Secondly,  Any public/private key encryption with NO_PADDING scheme, would result in encryption data without any padding string. 
And, if same is passed to PMD for decryption with PADDING_NONE, then PMD would assume encryption block is without any padding string. 
So, which case are we trying to clarify here? Or, do you intend to mention case when app can pass data with padding for decryption with NO_PADDING scheme?

> But it is USER
> RESPONSABILITY to
> +	 * remove padding and verify signature.
> +	 */
> +	RTE_CRYPTO_RSA_PADDING_PKCS1,
> +	/**< RSA PKCS#1 PKCS1-v1_5 padding scheme.
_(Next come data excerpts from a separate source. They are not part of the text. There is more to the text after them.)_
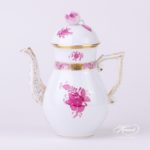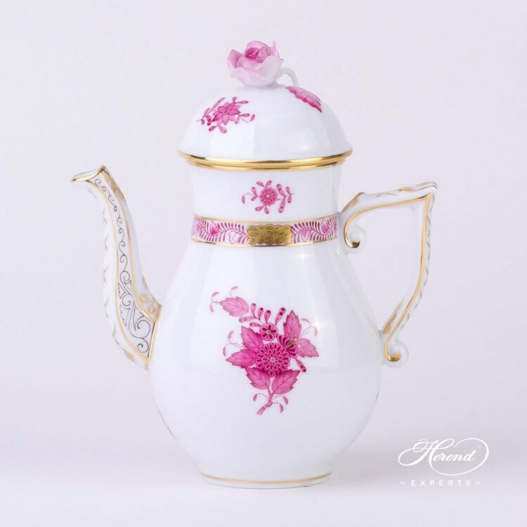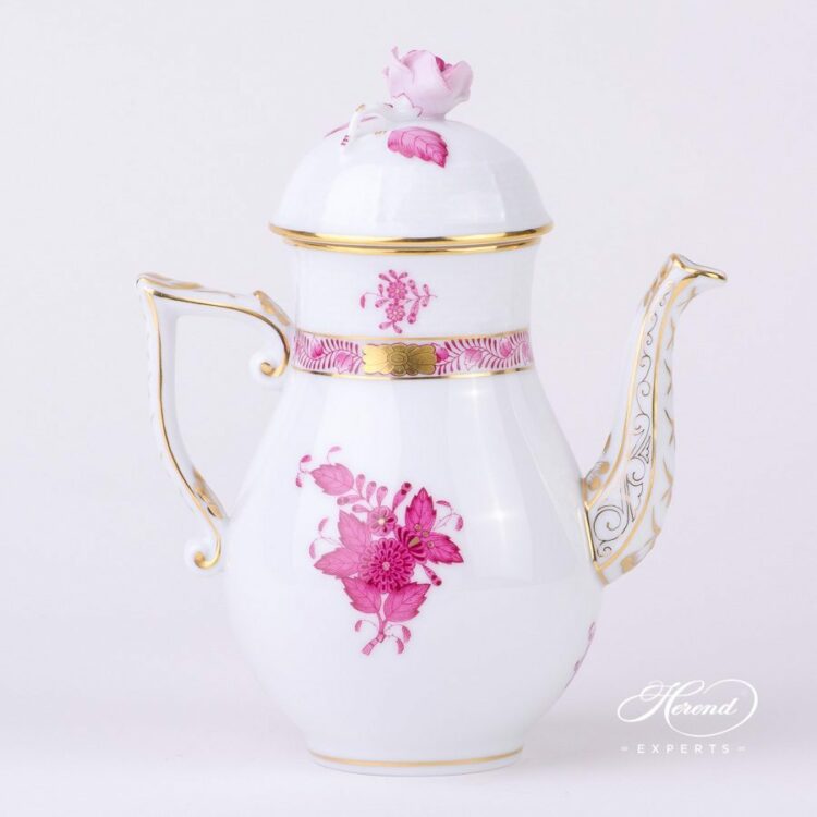Herend porcelain Coffee Pot with Rose Knob – Herend Apponyi Pink decor.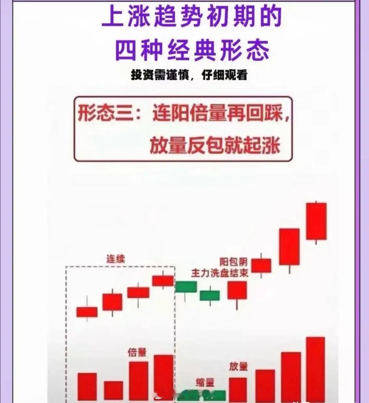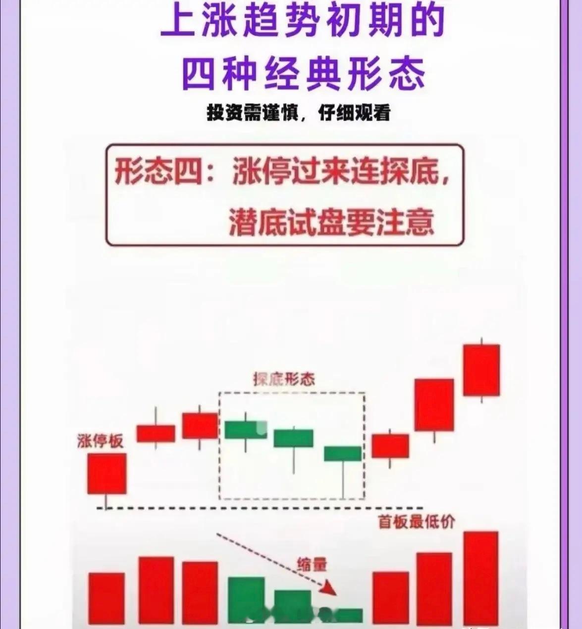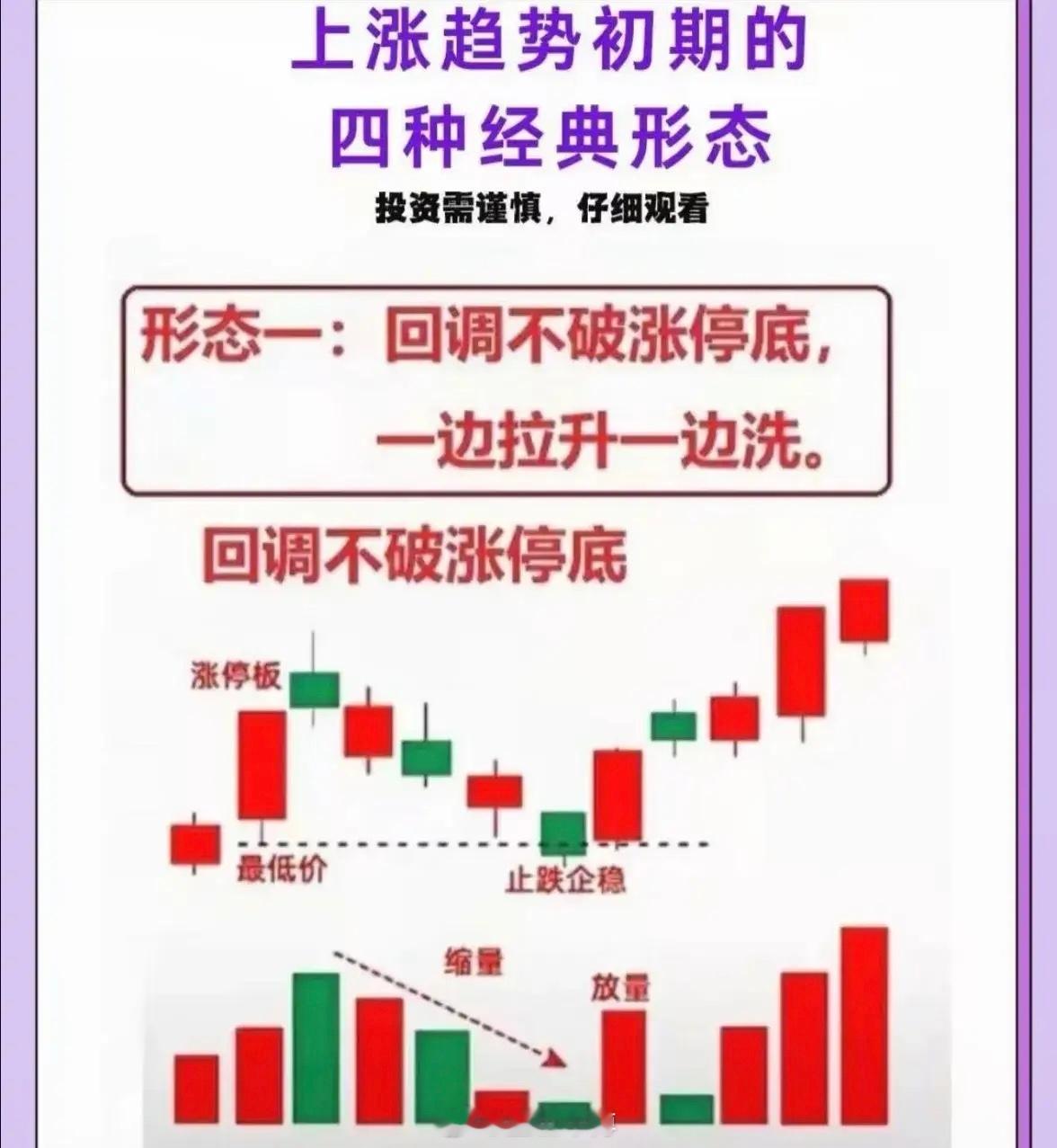识别上涨初期的四大技术形态:把握趋势启动信号在股价结束盘整进入上升通道的初期,往往会出现具有预示性的技术形态。通过对量价关系的分析,投资者可及时发现趋势转折信号,把握布局时机。以下是四种经典的上涨初期技术形态及其市场逻辑:形态一:回调不破涨停底该形态表现为股价以涨停启动后,在回调过程中始终不跌破涨停板的最低价,形成明显的支撑效应。这种"边拉升边洗盘"的走势中,成交量会呈现"放量上涨-缩量回调"的健康态势,说明主力在控制节奏的同时并未离场,后市往往还有上涨空间。形态二:涨停倍量长上影首板涨停后出现带长上影线的K线,伴随成交量倍增,俗称"仙人指路"。这种形态看似上方压力沉重,实为主力试探前高阻力的试盘动作。当后续走势能够收复上影线且保持缩量整理,通常预示着消化抛压后将继续上行。形态三:连阳倍量再回踩股价在连续收阳后出现倍量拉升,随后回踩重要均线或支撑位,最终以放量反包形态结束调整。这种"阳包阴"的结构表明主力洗盘结束,特别是回踩过程中的缩量特征,更印证了筹码稳定性,是较为可靠的起涨信号。形态四:涨停连探底涨停突破后股价连续数个交易日下探底部,但始终维持在涨停价上方运行,形成"潜底试盘"形态。这种走势中持续的缩量状态尤为关键,说明浮动筹码清洗充分。当试盘结束后放量上攻,往往意味着主力结束测试,即将开启主升浪。需要注意的是,任何技术形态都需结合大盘环境、个股基本面综合判断,投资者应保持谨慎,严格设置止损位,方能提高交易胜率。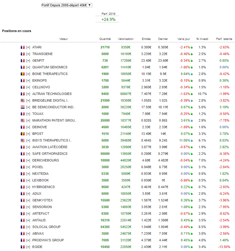 Dans ce contexte, pas grand chose de nouveau. Si ce n’est que j’ai re-accumulé Derichebourg. Au final ce que j’avais vendu hier car le titre revient dans une zone potentielle, où enfin elle pourrait donner un coup de collier intéressant…ou pas.
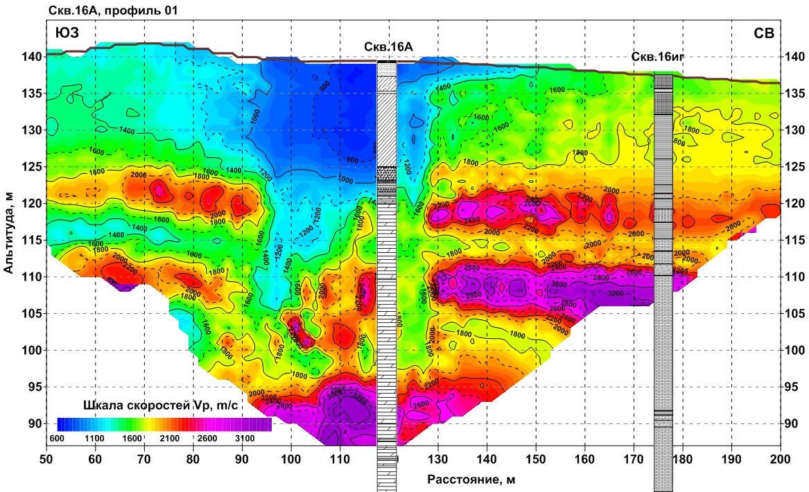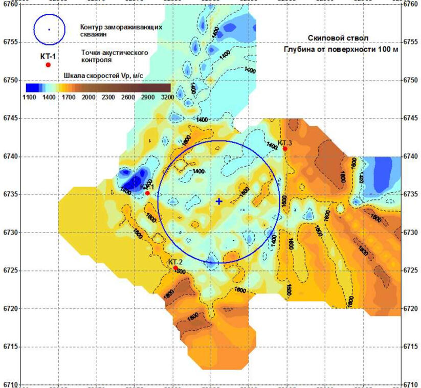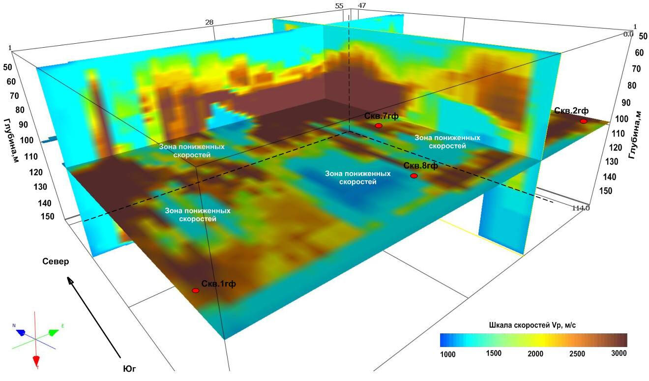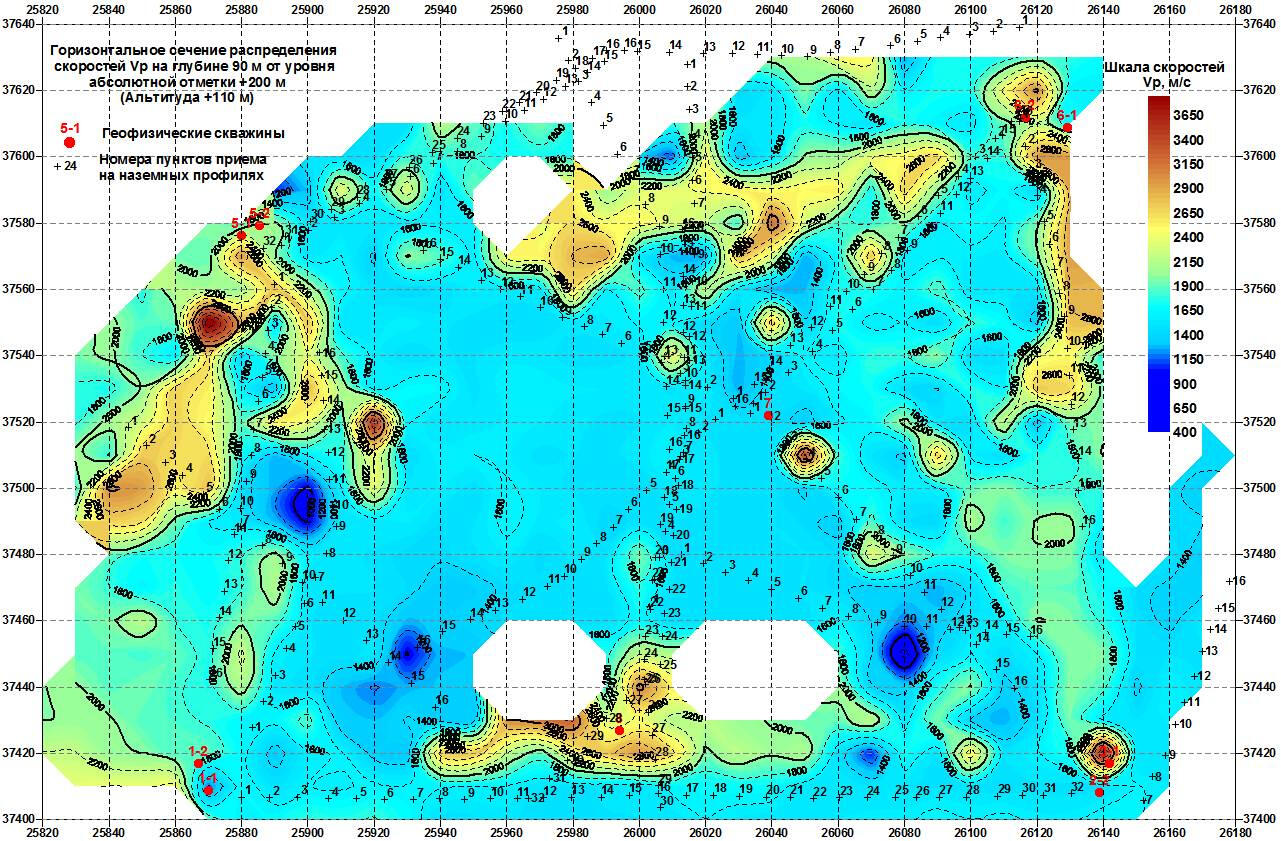 When processing the resulting data array from a set of observation profiles on the surface, a spatial 3-dimensional sample of coordinated velocity values associated with various segments of seismic rays is collected. For geological interpretation of data from this sample, horizontal and vertical velocity sections are calculated, reflecting local heterogeneities of the soil mass and bedrock.The compilation sample for all wells in the polygon is a spatial set of points with velocity values, similar to the velocity cube obtained by processing 3D land seismic data. Subsequent analysis of the velocity distribution in the array is performed using a series of randomly oriented vertical and horizontal sections of the resulting spatial sample. An example of such a horizontal section at an absolute elevation of +100 m (approximately at a depth of 100 m from the surface) is shown in the figure on the left.

For signatures block
> type 01,
> +	 * for encryption block type 02 are used.

[Shally] Though I understand PKCS1_V1.5 dictates the use of specific BT for pub/private key encryption/decryption,
So, seems we are making that as an implicit decision by removing individual control of BT by app. However, only point is then it states only about BT1 and BT2 not BT0.
What if , an app want to use BT0 for padding, then how do we support that? what is rationale for removing BT0 here?

> +	 *
> +	 * In case RTE_CRYPTO_ASYM_OP_VERIFY op type is used crypto op
> status
> +	 * is set to RTE_CRYPTO_OP_STATUS_SUCCESS when signature is
> properly
> +	 * verified, RTE_CRYPTO_OP_STATUS_ERROR when it failed.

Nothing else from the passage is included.